The Federal Court (Landerer J) has held that two notices issued to Australia and New Zealand Banking Group Limited (ANZ) by the Commissioner under s 264 ITAA 1936 are valid. The notices required ANZ to produce certain information about customers who have or who have had accounts with it or any of its subsidiaries in Vanuatu.
ANZ maintains a digital database in Australia called the “Global Information Warehouse” (GIW). The GIW contains certain information in respect of bank accounts in Vanuatu held by customers of ANZ Vanuatu. The GIW receives information electronically transmitted by ANZ Vanuatu from its information technology system in Vanuatu to the GIW in Australia in accordance with the terms and conditions under which that information was provided to ANZ Vanuatu.
ANZ argued that the notices were invalid for three reasons.
First, ANZ argued that if it were to comply with the notices it would breach certain common law confidentiality obligations owed by it to the relevant customers of ANZ Vanuatu, as well as certain secrecy provisions enacted in Vanuatu. It submitted that s 264 does not authorise the Commissioner to issue a notice that would require it to breach these obligations or provisions.
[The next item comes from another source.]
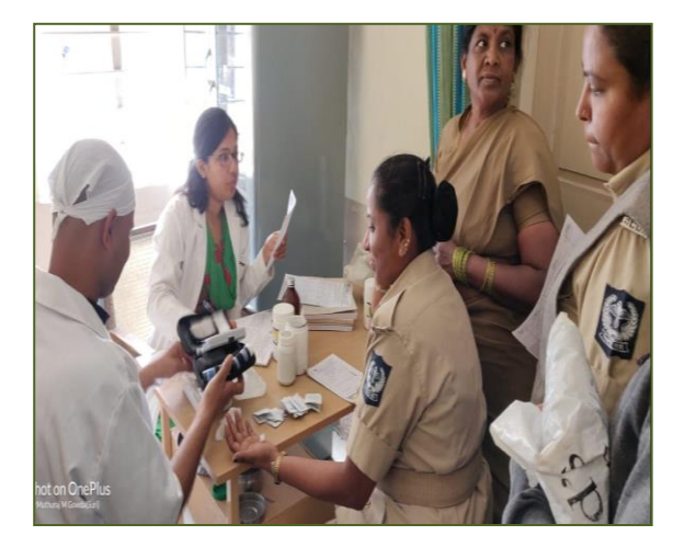
THCRP team members conducted free medical camp. (Right) Hemoglobin test conducted by SRP team for home guards at RARIMD, Bengaluru
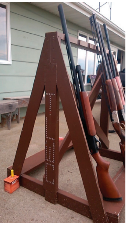
Gun racks embellished with "TLWC" outside of the Turtle Lake Wildlife Club shooting facility are at rest until their owners take to their first stand to shoot. The racks provide a safe place to rest shotguns until it's time for a trapshooter to test his or her skill at another round of trap. The target is a round, flat clay "pigeon." The goal is to shoot 25 for 25.

Equally as important, Seeger hopes hunter education will continue at the clubhouse for years to come, teaching young and old alike about firearms and firearm safety, as well as introducing them to something that has long been part of North Dakota's heritage – hunting.

Secondly, it argued that because the notices seek information in respect of all customers in certain categories who have or have had an account in Vanuatu without limiting the information sought to customers who are or might be liable to pay income tax in Australia, they were invalid. Given that the notices do not limit the information sought to such customers, ANZ argued that the notices require it to determine which customers might be liable to pay income tax in Australia. Accordingly, it submitted that the notices could not be regarded as having been issued for the purposes of either the ITAA 1936 or the ITAA 1997, and so were not authorised by s 264.
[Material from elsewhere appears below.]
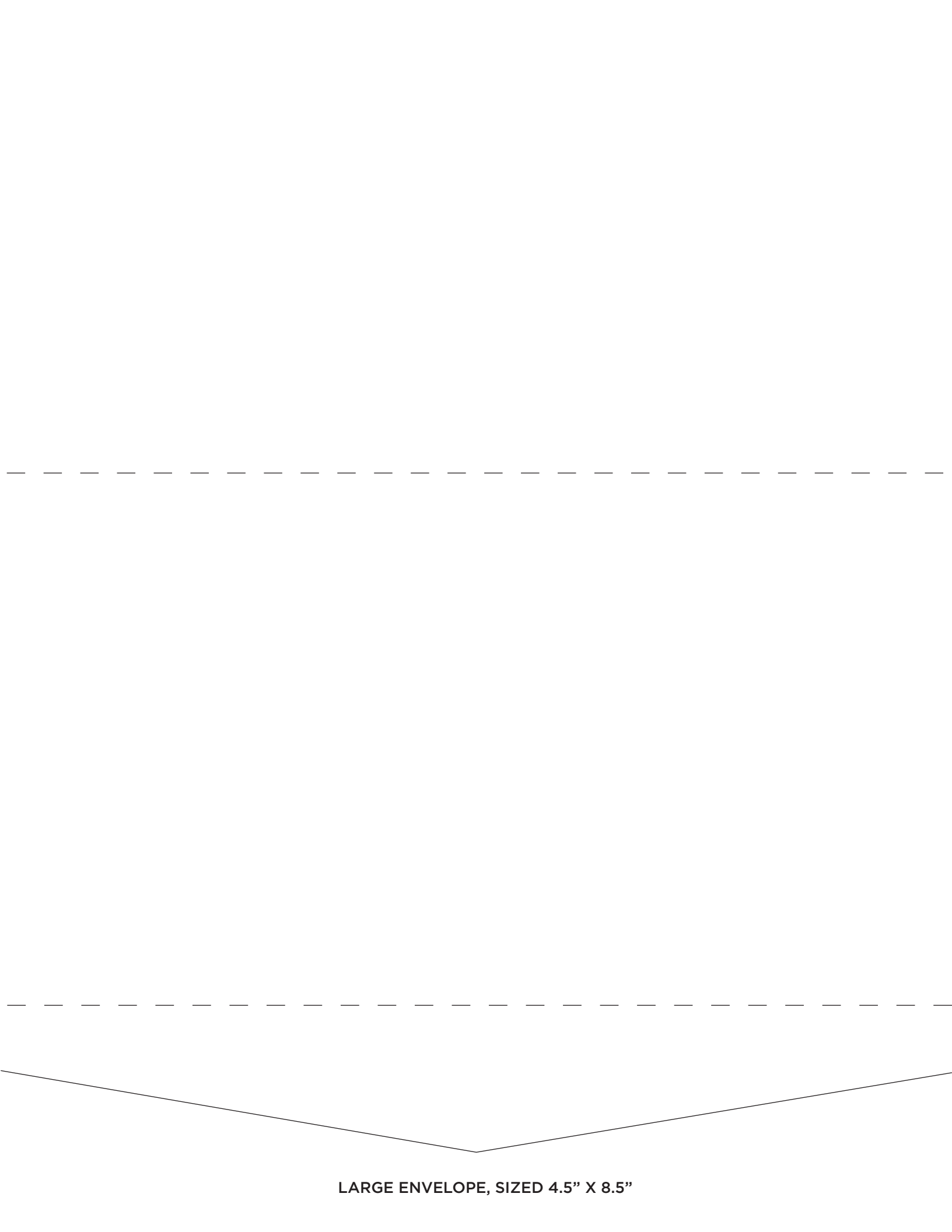
LARGE ENVELOPE, SIZED 4.5" X 8.5"

Thirdly, it argued that each notice was uncertain.
The Court rejected ANZ's arguments in relation to each of the three grounds. The Court said, at paras 187-189, as follows:
"In my view s 264 authorises the Deputy Commissioner to issue a notice to an Australian company asking it to furnish information that is stored in Australia. There is no reason to read s 264 as subject to a foreign law purporting to have extra-territorial effect in circumstances where the relevant information is held by an Australian company in Australia. In any event, I do not think that disclosure of the information would breach the non-statutory or statutory obligations of confidence under the law of Vanuatu.
I reject ANZ’s argument that the notices were not issued for a proper purpose. In my view s 264 allows the Deputy Commissioner to issue notices that may require the disclosure of information relating to persons who are not liable to pay income tax in Australia, providing that the notices are issued for the purposes of the ITAA, including the ascertainment of whether an individual or entity is liable to pay Australian income tax. ANZ has not established that the notices were issued for an improper purpose.
I also reject ANZ’s argument that the notices are uncertain. In my view the notices are directed to information contained in the GIW. ANZ is required to produce information stored in the GIW that meets the criteria set out in the notices. It matters not that the information produced may not be information relating to the affairs of persons who are or may be liable to the assessment and payment of income tax in Australia. It also does not matter that ANZ cannot verify the accuracy of the information contained in the GIW."
Australia and New Zealand Banking Group Limited v Konza  FCA 196 (Federal Court, Landerer J, 9 March 2012).